Multi-threading plays an important role in modern programs, and hence atomic operations are in-demand. I am proposing to introduce common helpers to support following three atomic operations on 32-bit and 64-bit primitive types:
Currently OMR does not provide support for atomic operations, J9 implements its own by recognizing atomic operation methods and then letting Codegen inline them. Initially demanded by JITBuilder, many languages' front ends very-likely also requires atomic operations on primitives; for instance, languages that utilize reference count for memory managements.
I believe these atomic operations should only be bounded by the back end and hence we should bring these helpers to OMR.
Similar to J9, I plan to introduce one helper per operation per type. JITBuilder and other language implementations can attach the helper to a “call” and OMR’s codegen will generate inlined assemblies accordingly.

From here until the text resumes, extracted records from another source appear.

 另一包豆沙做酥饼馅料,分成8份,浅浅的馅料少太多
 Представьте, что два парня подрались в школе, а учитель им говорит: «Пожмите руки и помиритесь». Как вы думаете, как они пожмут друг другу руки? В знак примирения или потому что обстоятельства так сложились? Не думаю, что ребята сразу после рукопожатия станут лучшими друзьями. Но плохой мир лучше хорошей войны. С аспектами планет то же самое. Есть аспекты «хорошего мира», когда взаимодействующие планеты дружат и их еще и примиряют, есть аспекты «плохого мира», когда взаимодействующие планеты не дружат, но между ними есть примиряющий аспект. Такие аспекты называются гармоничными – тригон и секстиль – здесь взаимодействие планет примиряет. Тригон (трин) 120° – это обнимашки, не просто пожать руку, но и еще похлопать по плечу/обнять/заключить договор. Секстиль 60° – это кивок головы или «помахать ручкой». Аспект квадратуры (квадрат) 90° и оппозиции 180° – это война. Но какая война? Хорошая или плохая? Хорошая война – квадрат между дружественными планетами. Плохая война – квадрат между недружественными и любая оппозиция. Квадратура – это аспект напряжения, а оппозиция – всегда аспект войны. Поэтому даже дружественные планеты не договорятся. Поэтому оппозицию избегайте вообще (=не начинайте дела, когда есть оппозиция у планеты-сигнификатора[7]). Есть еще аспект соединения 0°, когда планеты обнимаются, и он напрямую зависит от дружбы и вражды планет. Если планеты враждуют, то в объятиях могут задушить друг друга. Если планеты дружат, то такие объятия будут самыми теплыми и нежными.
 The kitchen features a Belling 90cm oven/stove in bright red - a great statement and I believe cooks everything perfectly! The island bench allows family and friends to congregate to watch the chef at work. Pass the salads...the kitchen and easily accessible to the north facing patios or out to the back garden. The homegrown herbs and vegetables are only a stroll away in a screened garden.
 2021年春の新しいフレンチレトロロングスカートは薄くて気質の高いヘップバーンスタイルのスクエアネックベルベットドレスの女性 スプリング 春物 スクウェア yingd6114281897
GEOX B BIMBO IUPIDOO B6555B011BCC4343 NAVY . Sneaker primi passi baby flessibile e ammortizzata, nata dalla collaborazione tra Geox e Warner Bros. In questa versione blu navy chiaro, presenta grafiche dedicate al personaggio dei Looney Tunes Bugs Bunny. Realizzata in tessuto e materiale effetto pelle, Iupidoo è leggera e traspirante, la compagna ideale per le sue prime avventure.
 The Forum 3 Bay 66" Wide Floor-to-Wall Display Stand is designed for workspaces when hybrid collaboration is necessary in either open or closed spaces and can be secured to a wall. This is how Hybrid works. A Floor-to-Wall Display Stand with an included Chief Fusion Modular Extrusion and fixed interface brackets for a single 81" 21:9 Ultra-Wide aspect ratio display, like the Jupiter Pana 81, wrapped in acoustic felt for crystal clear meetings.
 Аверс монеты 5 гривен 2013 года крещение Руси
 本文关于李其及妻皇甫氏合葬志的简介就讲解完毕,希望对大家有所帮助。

The initial effort will include building common infrastructure and x86 codegen support. Once the common part is done ARM, P, and Z could easily add support as well.

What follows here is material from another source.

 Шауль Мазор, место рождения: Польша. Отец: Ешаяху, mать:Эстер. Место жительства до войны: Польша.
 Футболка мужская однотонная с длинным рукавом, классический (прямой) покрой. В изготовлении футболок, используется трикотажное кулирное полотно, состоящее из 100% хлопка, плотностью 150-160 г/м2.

** UPDATED ON 2016-11-04. -------- PREVIOUS VERSION -------- Multi-threading plays an important role in modern programs, and hence atomic operations are in-demand. I am proposing to introduce following three atomic operations on 32-bit and 64-bit primitive types:
The initial effort will include building common infrastructure and x86 codegen support.